Chapter 25
But you didn’t. And of course you didn’t.
I am the asshole who didn’t show up. Sitting here wallowing in Sex and the City with new sad eyes. They should’ve called it Who’s a Bigger Asshole? Big or Carrie?
I turn off the TV. Fuck Dick for getting in my head. Fuck Big for getting in my head, and fuck little Miss Carrie Bradshaw for getting in your head, convincing you that all men are so afraid of commitment that you have to be the first one to push them the fuck away.
I grab my coat.
I’m a reader and that picture of you and the man in the yellow hat told a story: Prep School Cad Makes Drunk Girl Laugh.
But I don’t know the whole story and I jumped to conclusions.
I assumed he charmed your skirt off and got into your pants, and for all I know, you threw up on him before it even got to that.
You told me I’m not your boyfriend. I listened to you, as if any girl in Manhattan who thinks love is obsolete can be trusted when she’s on the verge of becoming a little less Forever 21.
I’m out the door and a dude talking to a plastic bag laughs at me and okay. You probably are in your bed that feels like mine with the man in the yellow hat.
Note to self: If she invites you to a party, you fucking GO.
I care about you, Vail. And I am better than Big.
Did he ever walk nineteen blocks in the iceberg wind and make a right on the corner of 22nd and Fuck It?
Would he ever stand on the corner pacing?
Figuring out his next move? I don’t know what to do.
Do I show up at your place empty-handed?
Do I buy you a coffee? Do I sit on a stoop and wait for you to emerge in brunch gear with the man in the yellow hat?
I sit on a stoop. Everyone is lazy and cozy in this wasteland.
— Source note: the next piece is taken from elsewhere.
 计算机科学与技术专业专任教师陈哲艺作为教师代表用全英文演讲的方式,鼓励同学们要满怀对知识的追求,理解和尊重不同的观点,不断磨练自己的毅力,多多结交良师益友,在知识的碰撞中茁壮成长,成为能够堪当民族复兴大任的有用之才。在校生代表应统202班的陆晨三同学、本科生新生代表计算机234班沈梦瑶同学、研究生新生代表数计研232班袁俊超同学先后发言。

Ides of March. March madness. What a terrible time of the year, and my thoughts are little black ants marching all over me, all over each other.
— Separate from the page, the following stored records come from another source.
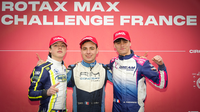 Finale : Owen Baroni (LN/Rotax) effectuait une remontée implacable vers la tête de course depuis la 10e position sur la grille. Il dépassait Léni Robillot Lagache (KR/Rotax) dans le 12e des 15 tours tandis que Timéo Fagot Revurat (CRG/Rotax) le suivait à 3 secondes après une progression de 10 places. Robillot Lagache terminait 3e à 2 dixièmes devant Gabriel Benecchi (Redspeed/Rotax) et Victor Galmiche (Tony Kart/Rotax), bien remonté.
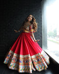 LEHENGA : Heavy muslin cotton with digital print and real mirror work (fully stitched with canvas patta and 4 meters flair)
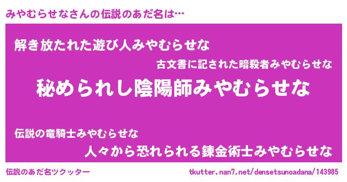 | 意味不明あだ名 | 『みやむらせなフォーエバー』 |
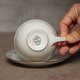 杯組由德國名瓷獅牌Hutschenreuther於1948年至1970年之間製造,帶有精緻的茛苕葉圖騰與描金設計,茛苕葉代表了 藝術與智慧,是西洋裝飾藝術中最常用的圖案,源於古希臘羅馬的建築圖騰,這種捲曲柔美的紋樣也被認為是高貴優雅的象徵,發展至今被廣泛應用在各種西方物品的裝飾!

I am the asshole who didn’t show up to your party.
But you are the asshole who told me not to come to your party.
Sitting there in your crown, letting the man in the yellow hat make you laugh, but then again…
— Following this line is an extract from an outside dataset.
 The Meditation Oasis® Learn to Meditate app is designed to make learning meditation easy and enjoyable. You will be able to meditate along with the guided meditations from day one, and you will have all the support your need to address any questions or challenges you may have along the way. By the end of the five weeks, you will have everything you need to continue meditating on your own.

What else could you do? Your boyfriend stood you up on your birthday.
But then again YOU TOLD ME NOT TO COME. But then again I sang for you, to you.
But then again you got a lot of birthday calls.
Did you even listen to me sing? If I was bad, don’t you get that I was trying to be funny bad like Big in the mafioso-esque fucking restaurant?
I stand. I can’t do this to me, to you. Can’t collapse into full-blown Carrie Ranting Bradshaw.
I have no business being on your street, same way Carrie had no business showing up at Big’s church.
I am trying, Vail. I am here. I tore up that picture and it’s gone, but I can’t get it out of my head.
It does tell a story. It tells the story of a birthday girl in a crown and the man who made her laugh.
And it matters, the laughter. It’s right there in episode 2 of season 1.
Big walks into the coffee shop where Carrie sits with her hair in pigtails.
He slides into the booth and says it: After a while, ya just wanna be with the one who makes you laugh. Know what I mean?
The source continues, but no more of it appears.